### ASSIGNMENT
For each record below, set it down exactly but leave out any picture.

(Dataset items)
= = = = = = =
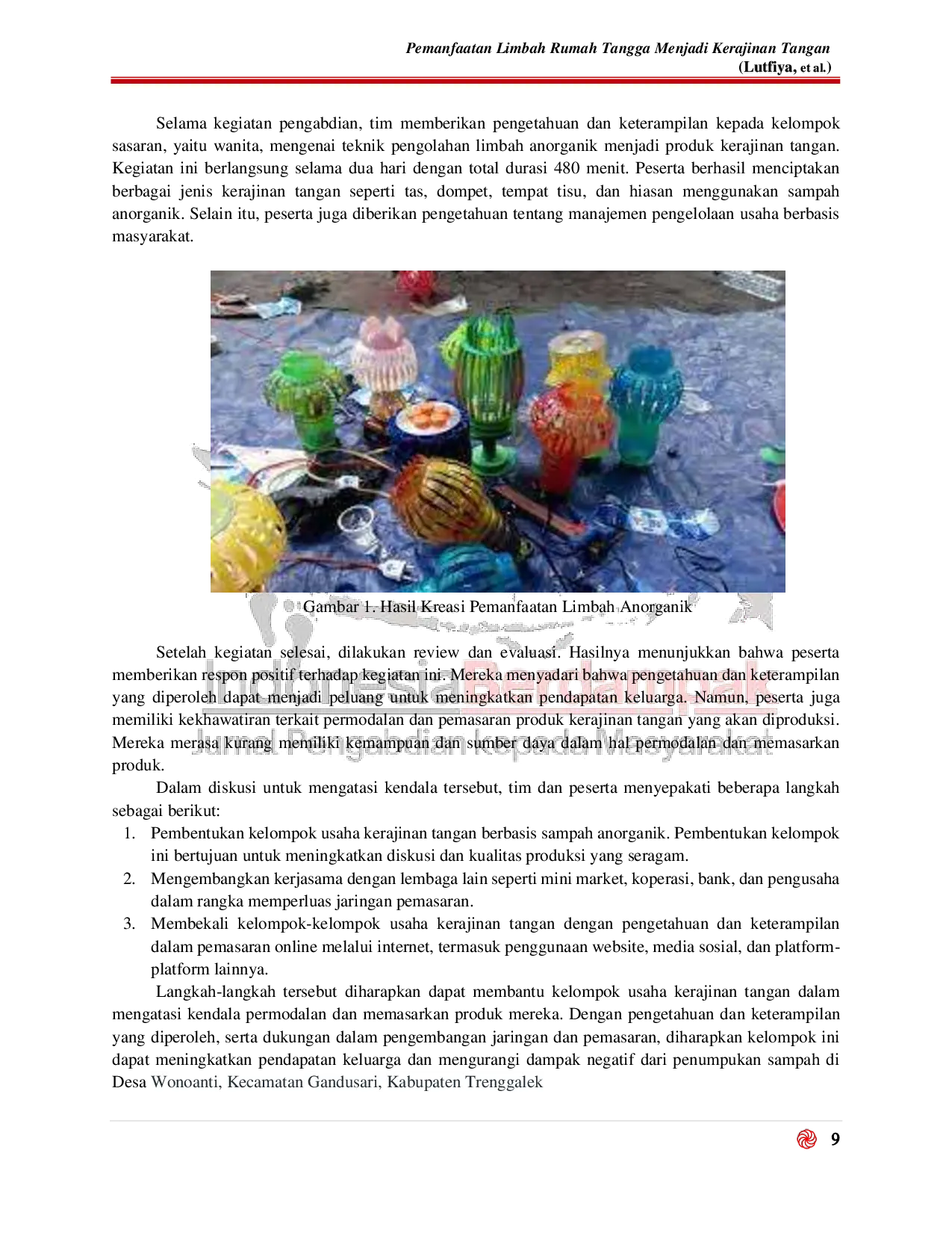 Untuk penelitian lanjutan, dapat dipertimbangkan beberapa arah studi. Pertama, bagaimana mengembangkan model bisnis yang berkelanjutan bagi kelompok usaha kerajinan tangan berbasis sampah anorganik, dengan fokus pada strategi pemasaran dan permodalan. Kedua, studi komparatif tentang dampak pemberdayaan perempuan dalam pengelolaan sampah dan kreativitas di berbagai desa atau komunitas, untuk mengidentifikasi faktor-faktor kunci keberhasilan. Ketiga, penelitian tentang inovasi teknologi dalam pengolahan sampah anorganik menjadi kerajinan tangan, dengan tujuan meningkatkan efisiensi dan kualitas produk.
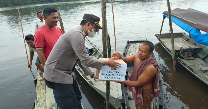 Kapolsek Tualang Bagikan Bansos Bhayangkara
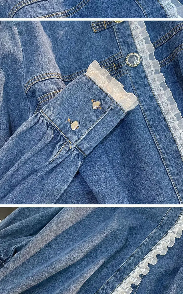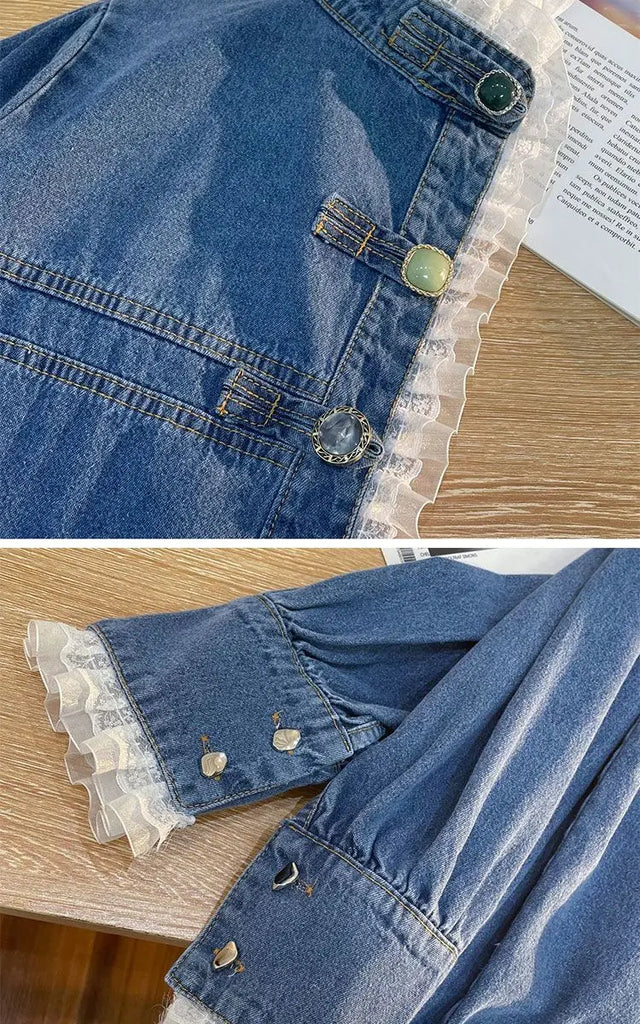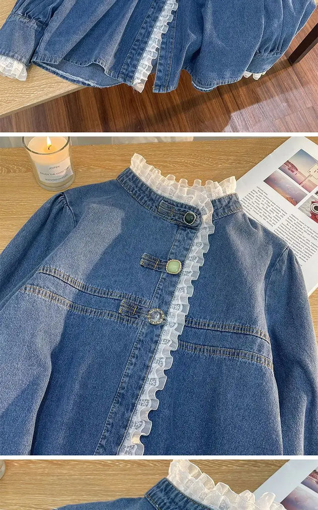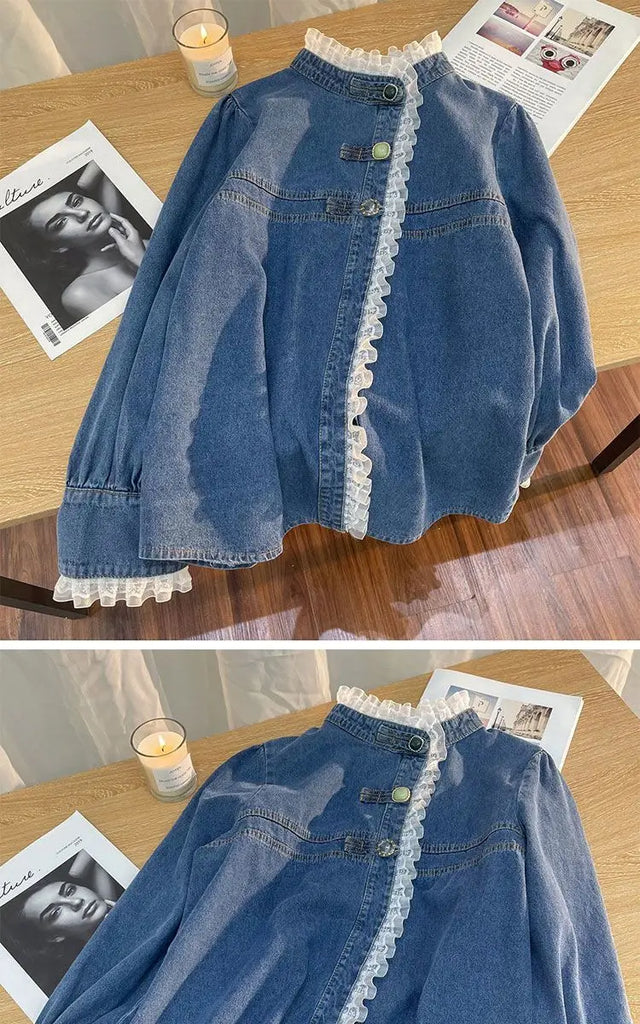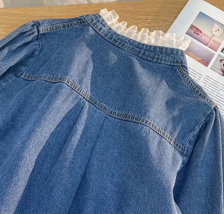 Fashion Lace Denim Shirt Women Clothing Autumn/Winter Retro Loose Casual Jackets Ruffled Collar Long Sleeve Blouses Women Tops
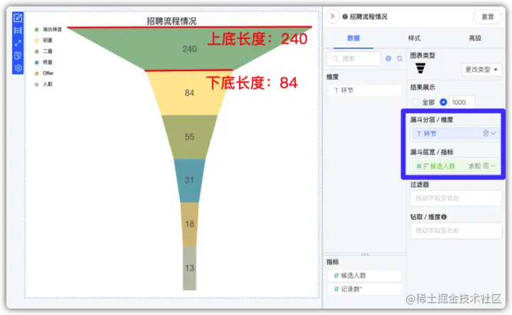 使用漏斗图展示如下所示,能够清晰的观察到在招聘的各个环节中人员数量的变化情况。
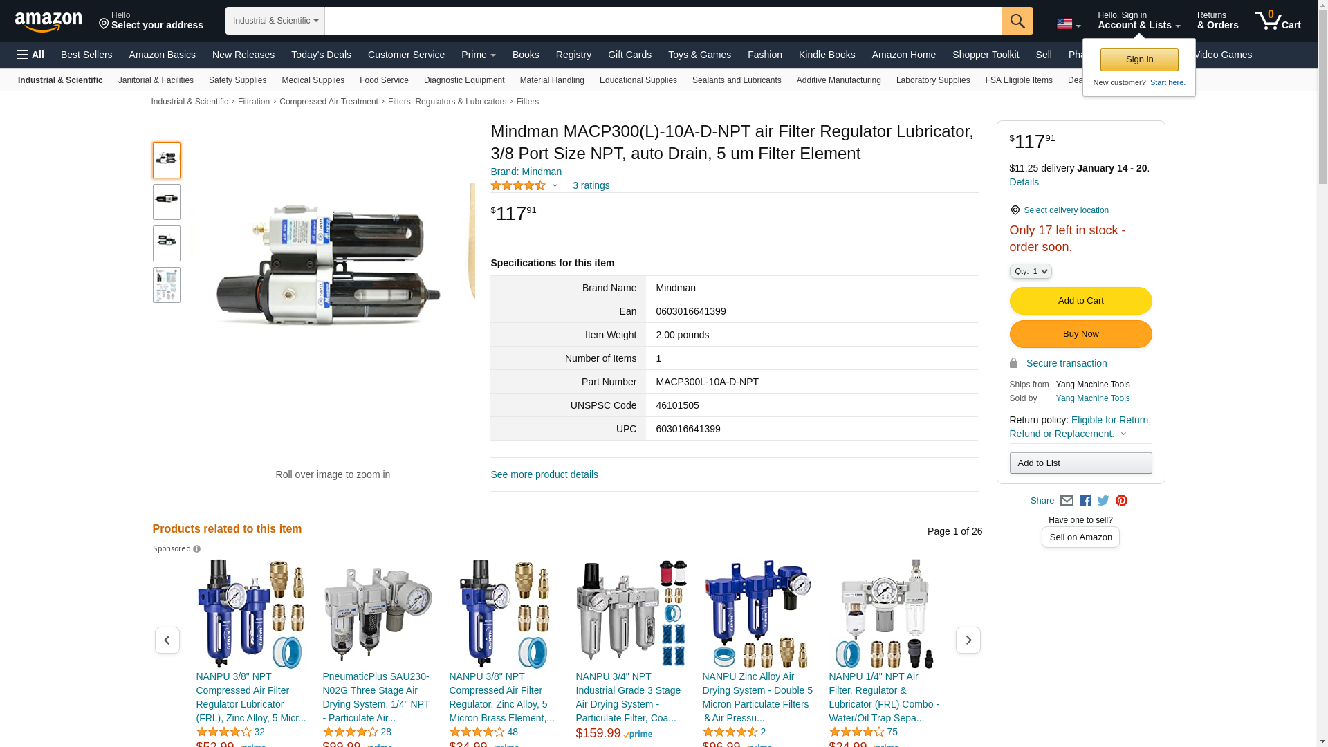 | Coast Pneumatics | MACP302-10A-CD-NPT | 1 | -2 | 1 | 1 @ $112.02 |
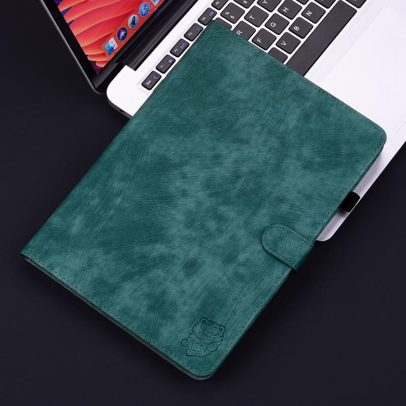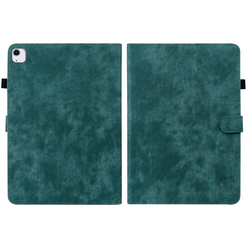 For iPad Air 13 2025 / 2024 Embossed Tiger Pattern Leather Tablet Case(Dark Green)
= = = = = = =
### OUTPUT FOR THIS EXERCISE
 Untuk penelitian lanjutan, dapat dipertimbangkan beberapa arah studi. Pertama, bagaimana mengembangkan model bisnis yang berkelanjutan bagi kelompok usaha kerajinan tangan berbasis sampah anorganik, dengan fokus pada strategi pemasaran dan permodalan. Kedua, studi komparatif tentang dampak pemberdayaan perempuan dalam pengelolaan sampah dan kreativitas di berbagai desa atau komunitas, untuk mengidentifikasi faktor-faktor kunci keberhasilan. Ketiga, penelitian tentang inovasi teknologi dalam pengolahan sampah anorganik menjadi kerajinan tangan, dengan tujuan meningkatkan efisiensi dan kualitas produk.
 Kapolsek Tualang Bagikan Bansos Bhayangkara
 Fashion Lace Denim Shirt Women Clothing Autumn/Winter Retro Loose Casual Jackets Ruffled Collar Long Sleeve Blouses Women Tops
 使用漏斗图展示如下所示,能够清晰的观察到在招聘的各个环节中人员数量的变化情况。
 | Coast Pneumatics | MACP302-10A-CD-NPT | 1 | -2 | 1 | 1 @ $112.02 |
 For iPad Air 13 2025 / 2024 Embossed Tiger Pattern Leather Tablet Case(Dark Green)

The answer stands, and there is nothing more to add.